Saturday, April 5, 2025

4 Common Accounting Errors and How to Prevent Them

Mistakes happen — even in buttoned-up accounting departments. Despite everyone's best efforts, errors can (and do) make their way into accounting processes and cause all sorts of havoc. A transposed digit can throw debits and credits noticeably out of balance, or a reversed entry can cause an imperceptible error to casual readers. That's why it's important to have a plan in place to detect, minimize and fix mistakes. Error prevention may be a loftier, even impractical, objective given the human element involved, though the right accounting software controls can help.

Accounting errors are unintended accidents; they are the result of an inadvertent mistake. Sometimes accounting errors are caused by a slip of the hand, like transposing a number or hitting an incorrect key. Other times they stem from a misunderstanding of accounting rules or company policy. Nevertheless, any accounting department worth its salt aims to limit errors in its accounting data, especially data that flows into financial reporting used by internal and external stakeholders. Errors can be embarrassing at best, misleading at worst.

Accounting errors that are evident on a trial balance are easy to identify and fix as part of the accounting close. But for the majority of accounting errors — those that are undetectable at the trial balance level — more effort is required. For this reason, it's important to put processes in place to detect these four common accounting errors:

1.) Data entry errors. These are basic accounting mistakes. Data entry errors include transposed numbers, typos and other (often manual) slipups, like a misplaced decimal.

2.) Errors of commission. This category of errors arises from an incorrect action — for example, a transaction is recorded but some part of it is wrong, such as using an incorrect general ledger account number or using a miscalculated or improperly rounded value. Reversed entries, where debits and credits are improperly switched, and duplicated entries are also errors of commission.
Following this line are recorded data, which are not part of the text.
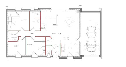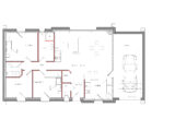 Ce modèle avec garage comprend un grand séjour salon avec cuisine ouverte, deux chambres, un bureau, une salle de bains ,un WC, un cellier et un vestiaire dans l'entrée le tout sur 83 m² (hors garage et combles).
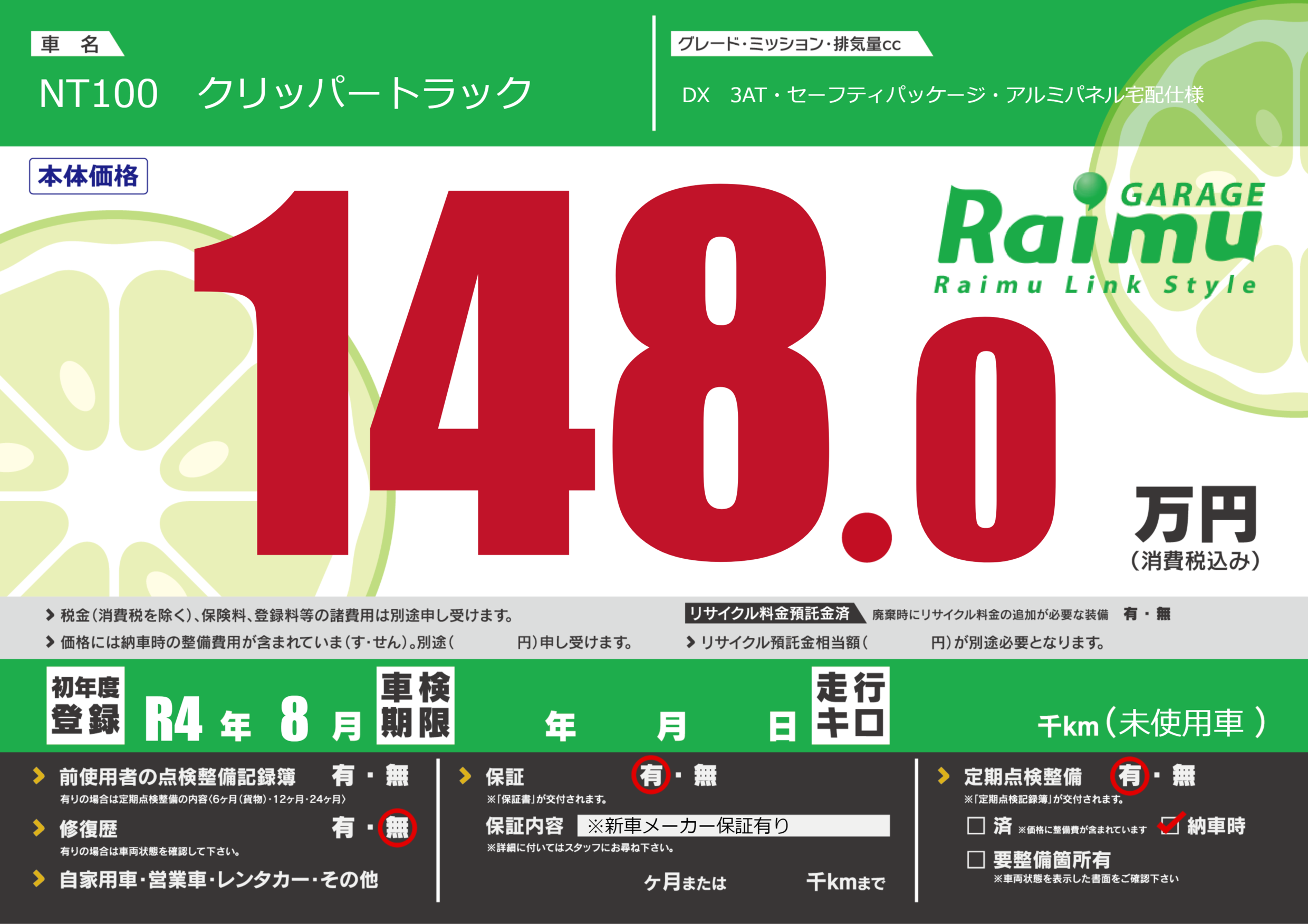 | 車名 | NT100 クリッパートラック | グレード ミッション 排気量 |
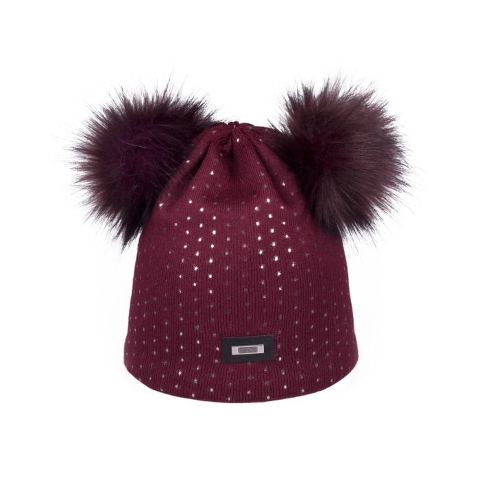 Zimowa czapka z pomponami. Podszyta polarem. Wykończona lśniącymi kropeczkami.
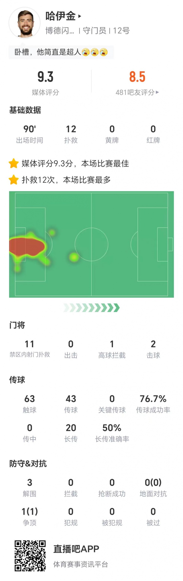 赛后工夫统计数据表示,哈伊金本场比赛共有12次扑救,其中11次齐是靠近尤文禁区内的射门。另外,他还有3次突围。
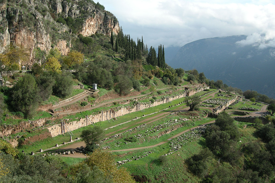 Delphes est située dans la campagne grecque de la région centrale de Phokis, l’actuelle Phocide, sur une pente abrupte au pied du mont Parnasse, au-dessus du golfe de Corinthe. La terre est très active sur le plan sismique et de nombreuses sources jaillissent de ses profondeurs. Les tremblements de terre et les éboulements ne sont pas chose rare.
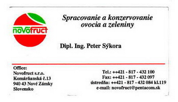 Dôkaz: Vklad do Novofructu s.r.o. Bratislava , vizitka Novofruct Nové Zámky – sú súčasťou článku.
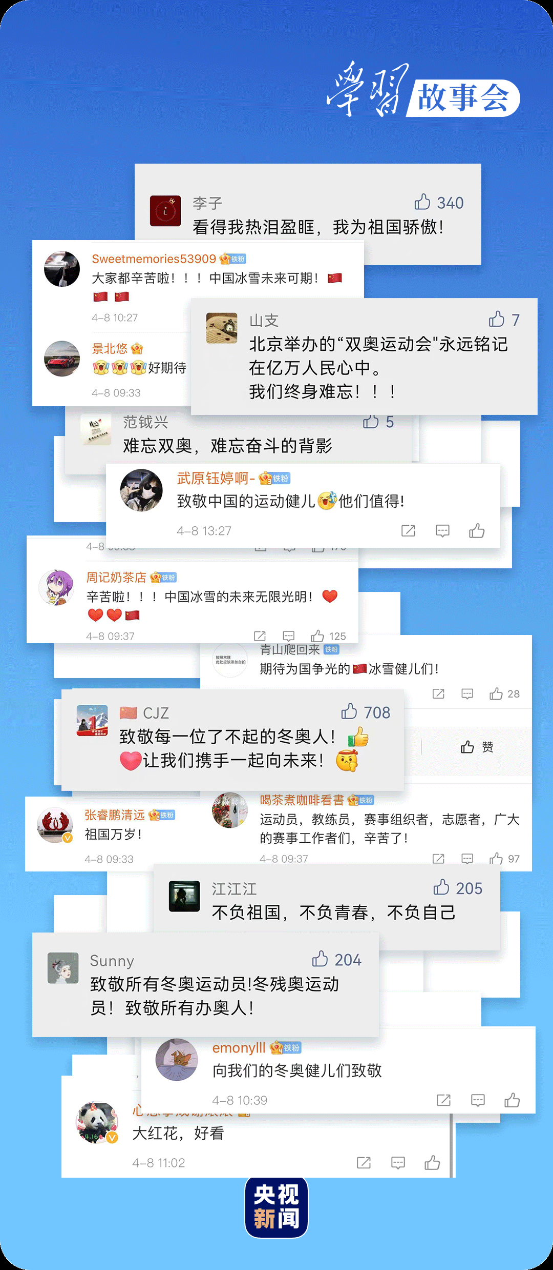 “同志们深情地表示:‘为了冬奥圆满成功,困难再多也嚼嚼咽了,一切付出与奉献都值得。’祖国和人民为你们的辛勤付出、取得的优异成绩感到自豪!”

3.) Errors of omission. These errors happen when a transaction is overlooked and not recorded. It's simply left out of the accounting records.

4.) Errors of principle. Errors of principle occur when the wrong accounting treatment is applied to a transaction. Errors of principle are significant technical accounting errors, as the resultant transaction will not be in accordance with Generally Accepted Accounting Principles (GAAP), either because the wrong guidance was followed or because it was followed incorrectly.

It's especially tricky to find accounting errors that compensate for each other. Sometimes these errors manage to unintentionally offset each other, masking the underlying mistake. For example, lease expenses for two identical company cars can be duplicated in one department and omitted in another, making totals appear accurate even though individual departmental costs (and associated key performance indicators) are incorrect.